00h00 – Nascimento para uma existência imperceptível

01h00 – Descoberta dos primeiros sentidos (dolorosos)

02h00 – Engatinha emitindo sons pouco compreensíveis

03h00 – Inicia-se o adestramento de insignificância

04h00 – Aprende a armazenar desapontamentos

05h00 – Forçosamente é inserido à colônia parasítica

06h00 – Sofre os maus tratos que traçarão sua deformidade

07h00 – Perde qualquer doçura que jamais teve

08h00 – Segue-se o adestramento de insignificância (nível intermediário)

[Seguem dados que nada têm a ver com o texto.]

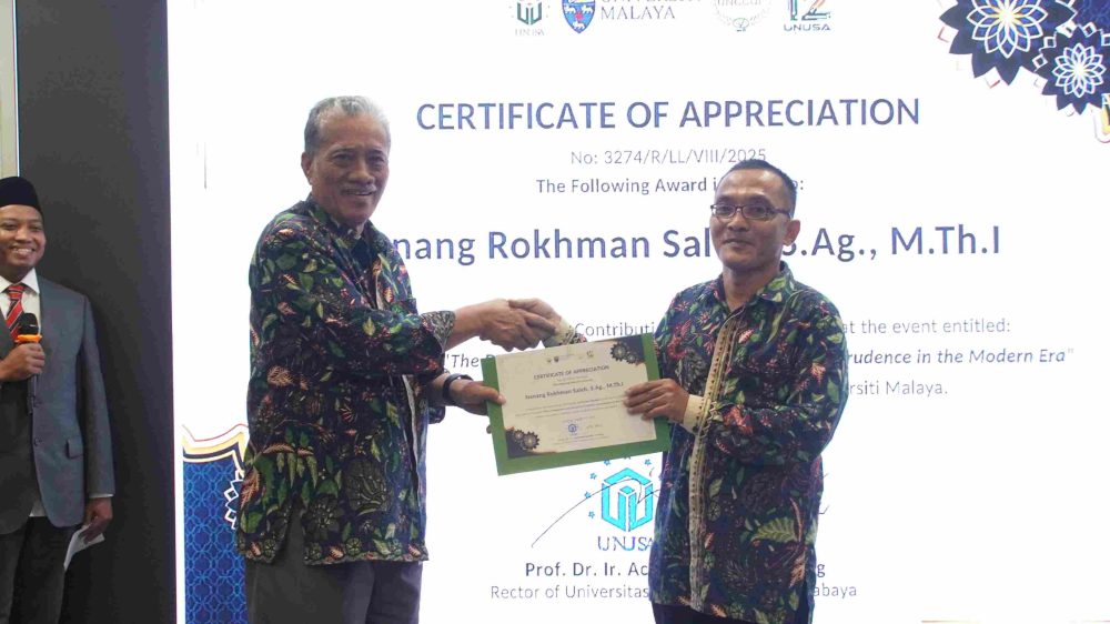 Surabaya – Universitas Nahdlatul Ulama Surabaya (Unusa) gelar seminar internasional yang berkolaborasi dengan Universiti Malaya. Seminar tersebut bertema “The Development and Dynamics of Islamic Jurisprudence in the Modern Era”. Bertujuan untuk memperluas pertukaran ilmu, gagasan, serta pengalaman pada bidang hukum islam di tingkat global.  Acara tersebut digelar pada Selasa (12/8) di ruang seminar lantai 2, Unusa Kampus C.
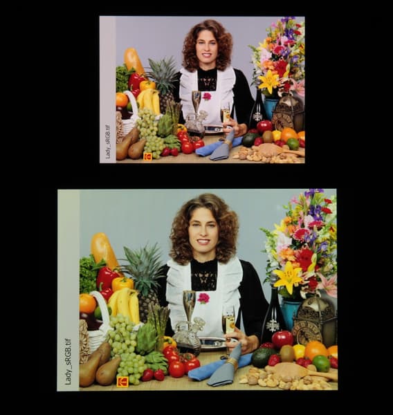 Отметим, что на экранах с уширенным цветовым охватом (без соответствующей коррекции) цвета́ обычных изображений, оптимизированных для устройств sRGB, выглядят неестественно насыщенными. Отсюда и рекомендация: в большинстве случаев смотреть кино, фотографии и все естественное лучше при выборе профиля Обычные.

09h00 – Realiza cursos complementares de sadomasoquismo e submissão

10h00 – Conhece a larva que viverá ao seu lado pelos segundos que lhe restam

11h00 – Conclui o adestramento de insignificância (nível superior)

12h00 – Horário reservado para a única refeição que fará

13h00 – Forçosamente é inserido à colônia parasítica profissional

14h00 – Procria com o desígnio de dar continuidade ao sistema vigente

15h00 – Festa das quinze horas vividas de um verme (se for abastado)

16h00 – Desenvolve-se em sua abreviada e meteórica carreira parasítica

17h00 – Destrói a abreviada existência imperceptível de outros vermes (ônus)

18h00 – Recebe o retorno frutífero por 240 minutos de dedicação (bônus)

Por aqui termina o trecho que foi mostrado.